# Test access to minio buckets with spark

Remember to start spark with the little star (invisible) icon

This test comes from https://github.com/marcoverl/training/blob/master/CCR/S3-from-Spark-with-oidc.ipynb

In [2]:
# Get credentials to setup minio S3 access
#!pip install liboidcagent requests xmltodict pandas boto3

!eval `oidc-keychain` > /dev/null && oidc-token dodas --time=3600 > /tmp/token
with open('/tmp/token') as f:
    token = f.readlines()[0].split("\n")[0]

import requests
import xmltodict
r = requests.post("https://minio.cloud.infn.it",
                  data={
                      'Action':
                      "AssumeRoleWithWebIdentity",
                      'Version': "2011-06-15",
                      'WebIdentityToken': token,
                      'DurationSeconds': 9000
                  },
                  verify=True)

tree = xmltodict.parse(r.content)

credentials = dict(tree['AssumeRoleWithWebIdentityResponse']
                    ['AssumeRoleWithWebIdentityResult']['Credentials'])

In [3]:
from pyspark.sql import SparkSession
from pyspark import SparkConf, SparkContext

conf = (SparkConf()
         .setMaster("k8s://https://kubernetes:443")
         .setAppName("MyApp")
         .set("spark.executor.memory", "1g")
         .set("spark.executor.instances", "2")
         .set("spark.kubernetes.container.image", "dodasts/spark:v3.0.1")
# configure S3 access  
         .set("spark.hadoop.fs.s3a.endpoint", "https://minio.cloud.infn.it")
         .set("spark.hadoop.fs.s3a.aws.credentials.provider","org.apache.hadoop.fs.s3a.TemporaryAWSCredentialsProvider")
         .set("spark.hadoop.fs.s3a.access.key", credentials["AccessKeyId"])
         .set("spark.hadoop.fs.s3a.secret.key", credentials["SecretAccessKey"]) 
         .set("spark.hadoop.fs.s3a.session.token", credentials["SessionToken"])
         .set("spark.hadoop.fs.s3a.path.style.access","true")
         .set("spark.hadoop.fs.s3a.fast.upload", "true")
         .set("spark.hadoop.fs.s3a.impl", "org.apache.hadoop.fs.s3a.S3AFileSystem")
         .set("spark.hadoop.fs.s3a.committer.name", "directory")
       )

#first stop spark context
SparkContext.stop(sc)

#Then create first spark context, and then session
sc = SparkContext(conf = conf)
spark = SparkSession.builder.config(conf=conf).getOrCreate()
#spark = SparkSession(sc) # this would also work
sc

In [4]:
#check config
#spark.sparkContext._conf.getAll()

In [5]:
# Check spark with local read

import pandas as pd
import numpy as np
import matplotlib.pyplot as plt
%matplotlib inline

inputFile = '../test_MLCourse/Higgs100k.csv'

#into panda DF
%time dataset = pd.read_csv(inputFile)

#then into spark dataframe...remember to start spark with the little icon
%time df = spark.createDataFrame(dataset)
%time total_events = df.count()

print('There are '+str(total_events)+' events')

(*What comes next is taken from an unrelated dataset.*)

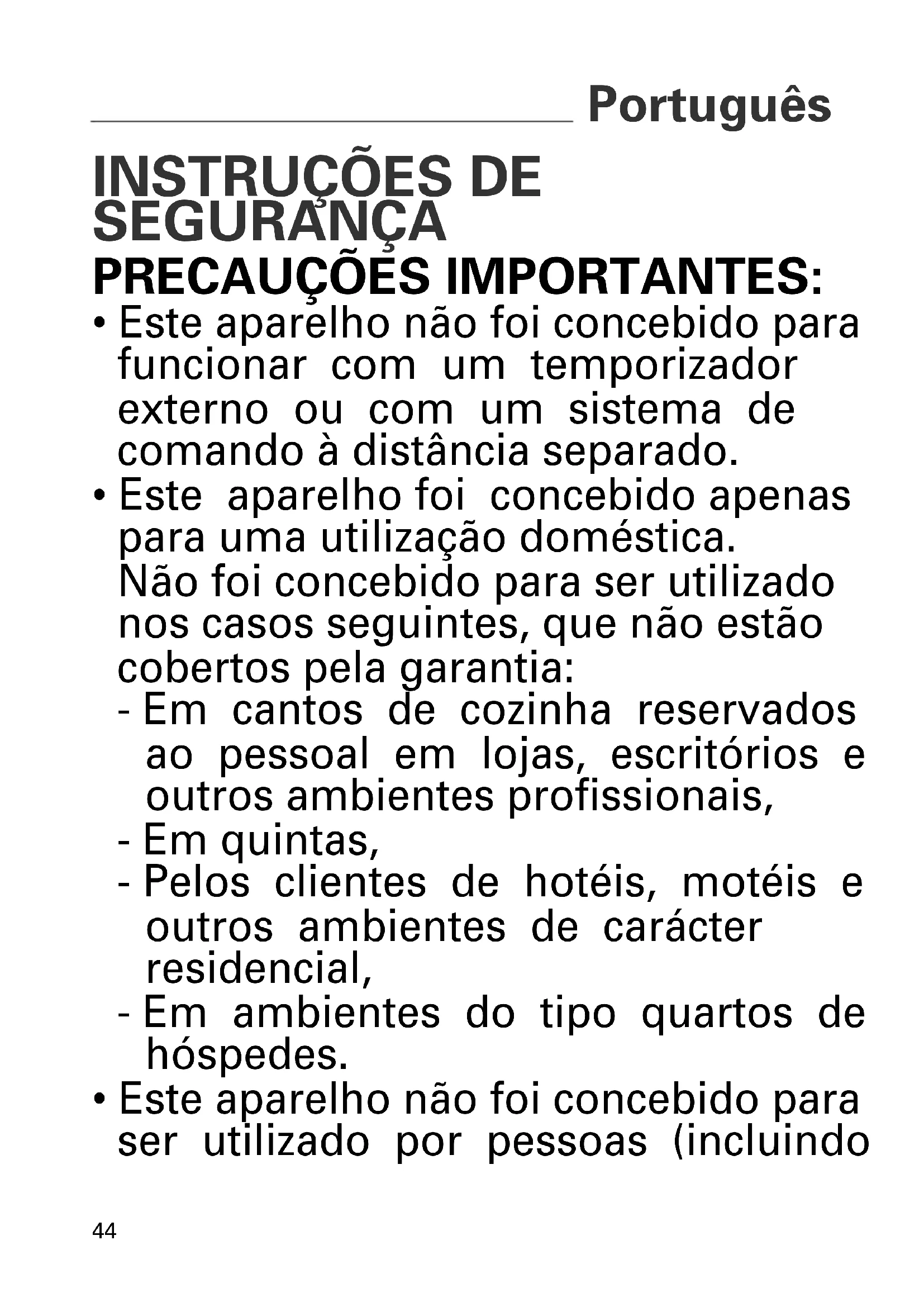 - Este aparelho foi concebido apenas para uma utilização doméstica. Não foi concebido para ser utilizado nos casos seguintes, que não estão cobertos pela garantia: - Em cantos de cozinha reservados ao pessoal em lojas, escritórios e outros ambientes profissionais, - Em quintas, - Pelos clientes de hotéis, motéis e outros ambientes de carácter residencial, - Em ambientes do tipo quartos de hóspedes.

CPU times: user 1.34 s, sys: 135 ms, total: 1.48 s
Wall time: 1.49 s
CPU times: user 28.5 s, sys: 256 ms, total: 28.7 s
Wall time: 32 s
CPU times: user 8.77 ms, sys: 16 ms, total: 24.8 ms
Wall time: 8.51 s
There are 99999 events


In [6]:
# read the CSV from minio with some options         
csv_df = spark.read.options(header='True',inferSchema='True').csv("s3a://scratch/verlato/dpc-covid19-ita-regioni.csv")
csv_df.printSchema()
csv_df.toPandas()

root
 |-- data: timestamp (nullable = true)
 |-- stato: string (nullable = true)
 |-- codice_regione: integer (nullable = true)
 |-- denominazione_regione: string (nullable = true)
 |-- lat: double (nullable = true)
 |-- long: double (nullable = true)
 |-- ricoverati_con_sintomi: integer (nullable = true)
 |-- terapia_intensiva: integer (nullable = true)
 |-- totale_ospedalizzati: integer (nullable = true)
 |-- isolamento_domiciliare: integer (nullable = true)
 |-- totale_positivi: integer (nullable = true)
 |-- variazione_totale_positivi: integer (nullable = true)
 |-- nuovi_positivi: integer (nullable = true)
 |-- dimessi_guariti: integer (nullable = true)
 |-- deceduti: integer (nullable = true)
 |-- casi_da_sospetto_diagnostico: integer (nullable = true)
 |-- casi_da_screening: integer (nullable = true)
 |-- totale_casi: integer (nullable = true)
 |-- tamponi: integer (nullable = true)
 |-- casi_testati: integer (nullable = true)
 |-- note: string (nullable = true)
 |-- ingressi_te

Unnamed: 0,data,stato,codice_regione,denominazione_regione,lat,long,ricoverati_con_sintomi,terapia_intensiva,totale_ospedalizzati,isolamento_domiciliare,...,deceduti,casi_da_sospetto_diagnostico,casi_da_screening,totale_casi,tamponi,casi_testati,note,ingressi_terapia_intensiva,note_test,note_casi
0,2020-02-24 18:00:00,ITA,13,Abruzzo,42.351222,13.398438,0,0,0,0,...,0,,,0,5,,,,,
1,2020-02-24 18:00:00,ITA,17,Basilicata,40.639471,15.805148,0,0,0,0,...,0,,,0,0,,,,,
2,2020-02-24 18:00:00,ITA,18,Calabria,38.905976,16.594402,0,0,0,0,...,0,,,0,1,,,,,
3,2020-02-24 18:00:00,ITA,15,Campania,40.839566,14.250850,0,0,0,0,...,0,,,0,10,,,,,
4,2020-02-24 18:00:00,ITA,8,Emilia-Romagna,44.494367,11.341721,10,2,12,6,...,0,,,18,148,,,,,
...,...,...,...,...,...,...,...,...,...,...,...,...,...,...,...,...,...,...,...,...,...
6358,2020-12-22 17:00:00,ITA,19,Sicilia,38.115697,13.362357,1059,176,1235,32257,...,2203,,,86092,1155288,773208.0,,7,,
6359,2020-12-22 17:00:00,ITA,9,Toscana,43.769231,11.255889,941,175,1116,10721,...,3495,,,116544,1806133,1035769.0,,3,Positivi diagnosticati solo con test antigenic...,
6360,2020-12-22 17:00:00,ITA,10,Umbria,43.106758,12.388247,244,44,288,3441,...,578,,,27396,481344,245205.0,,5,,
6361,2020-12-22 17:00:00,ITA,2,Valle d'Aosta,45.737503,7.320149,90,5,95,361,...,368,,,7073,60537,36564.0,,1,,


In [7]:
# Test with my csv for NLP 
csv_df = spark.read.options(header='True',inferSchema='True').csv("s3a://legger/NLPInput/message_example.csv")
csv_df.printSchema()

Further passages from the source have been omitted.